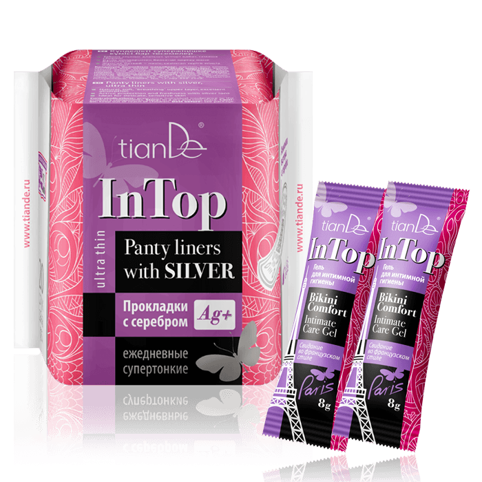 Для уверенных в себе молодых и амбициозных девушек идеально подойдут продукты из серии In Top. Воспользуйся отличным предложением и покупай выгодно! Приобретая ежедневные прокладки коллекции In Top с серебром, обладающим антибактериальным действием, в подарок получи два саше геля для интимной гигиены, в составе которого более 99% натуральных компонентов! Условия Купи прокладки с серебром ежедневные cупертонкие из серии In Top – В ПОДАРОК два саше геля для интимной гигиены из этой же серии! 1 = 3
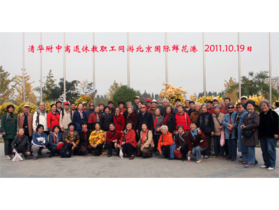 10月19日,秋风和煦,舒适宜人。bg真人试玩组织离退休老同志120余人到顺义国际鲜花港秋游。正值鲜花港一年一度的菊花节。入口处金黄色菊花组成的巨龙迎接着八方来客,大家在这里兴高采烈地合影留念。
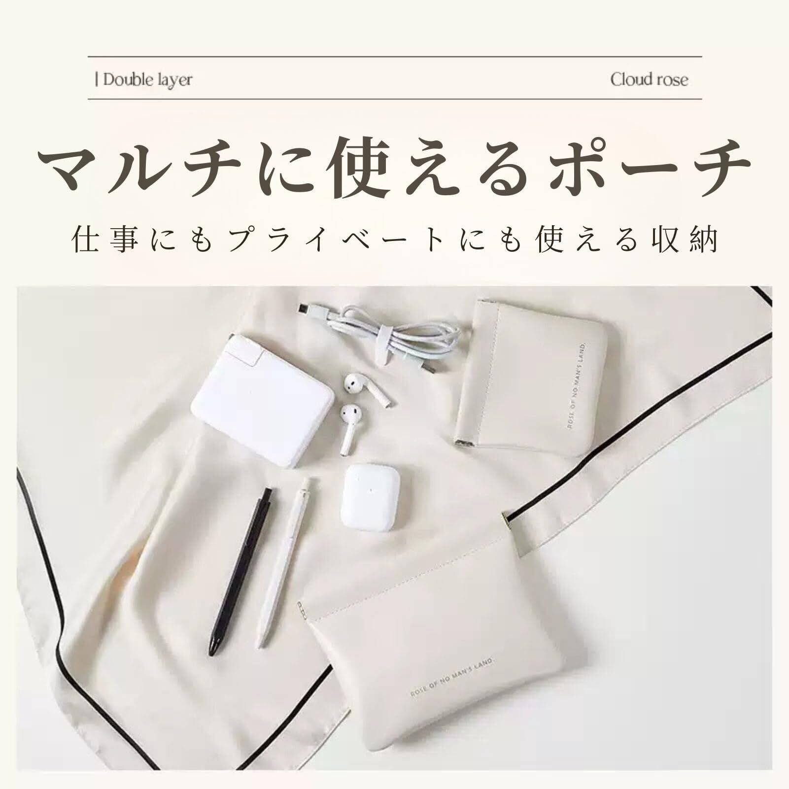 化粧ポーチ 2個 セット ポーチ 小物入れ 旅行 ミニポーチ 大きめ 小さいめ おしゃれ 可愛い ナプキンポーチ シンプル メイクポーチ コンパクト (2, クリーム)
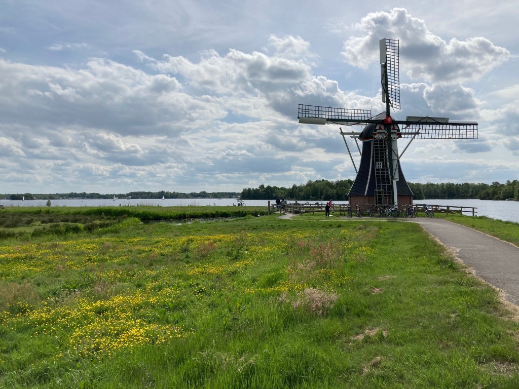Het tochtje vanaf Groningen naar Assen planden we, naar het bleek, een dag te vroeg. Op zondag draaien de bruggen in de stad gewoon, maar niet in de provincie Drenthe. De brêgewippers wippen niet, dan hebben ze gewoon vrij. Pas vanaf 1 juni wordt de zondagsrust voor de zomer opgeschort. Dus veel verder dan tot de eerste brug in Drenthe kwamen we niet. Het bleek niet erg. Op de wandeling vanaf het kanaal naar het westelijk gelegen Paterswoldse Meer was kwamen we bij een stuk water waar we ooit als studentjes met een gehuurde Vaurien de plas verkenden.
--------------------------------
Output the full listing above exactly, excluding all pictures.

 Для уверенных в себе молодых и амбициозных девушек идеально подойдут продукты из серии In Top. Воспользуйся отличным предложением и покупай выгодно! Приобретая ежедневные прокладки коллекции In Top с серебром, обладающим антибактериальным действием, в подарок получи два саше геля для интимной гигиены, в составе которого более 99% натуральных компонентов! Условия Купи прокладки с серебром ежедневные cупертонкие из серии In Top – В ПОДАРОК два саше геля для интимной гигиены из этой же серии! 1 = 3
 10月19日,秋风和煦,舒适宜人。bg真人试玩组织离退休老同志120余人到顺义国际鲜花港秋游。正值鲜花港一年一度的菊花节。入口处金黄色菊花组成的巨龙迎接着八方来客,大家在这里兴高采烈地合影留念。
 化粧ポーチ 2個 セット ポーチ 小物入れ 旅行 ミニポーチ 大きめ 小さいめ おしゃれ 可愛い ナプキンポーチ シンプル メイクポーチ コンパクト (2, クリーム)
Het tochtje vanaf Groningen naar Assen planden we, naar het bleek, een dag te vroeg. Op zondag draaien de bruggen in de stad gewoon, maar niet in de provincie Drenthe. De brêgewippers wippen niet, dan hebben ze gewoon vrij. Pas vanaf 1 juni wordt de zondagsrust voor de zomer opgeschort. Dus veel verder dan tot de eerste brug in Drenthe kwamen we niet. Het bleek niet erg. Op de wandeling vanaf het kanaal naar het westelijk gelegen Paterswoldse Meer was kwamen we bij een stuk water waar we ooit als studentjes met een gehuurde Vaurien de plas verkenden.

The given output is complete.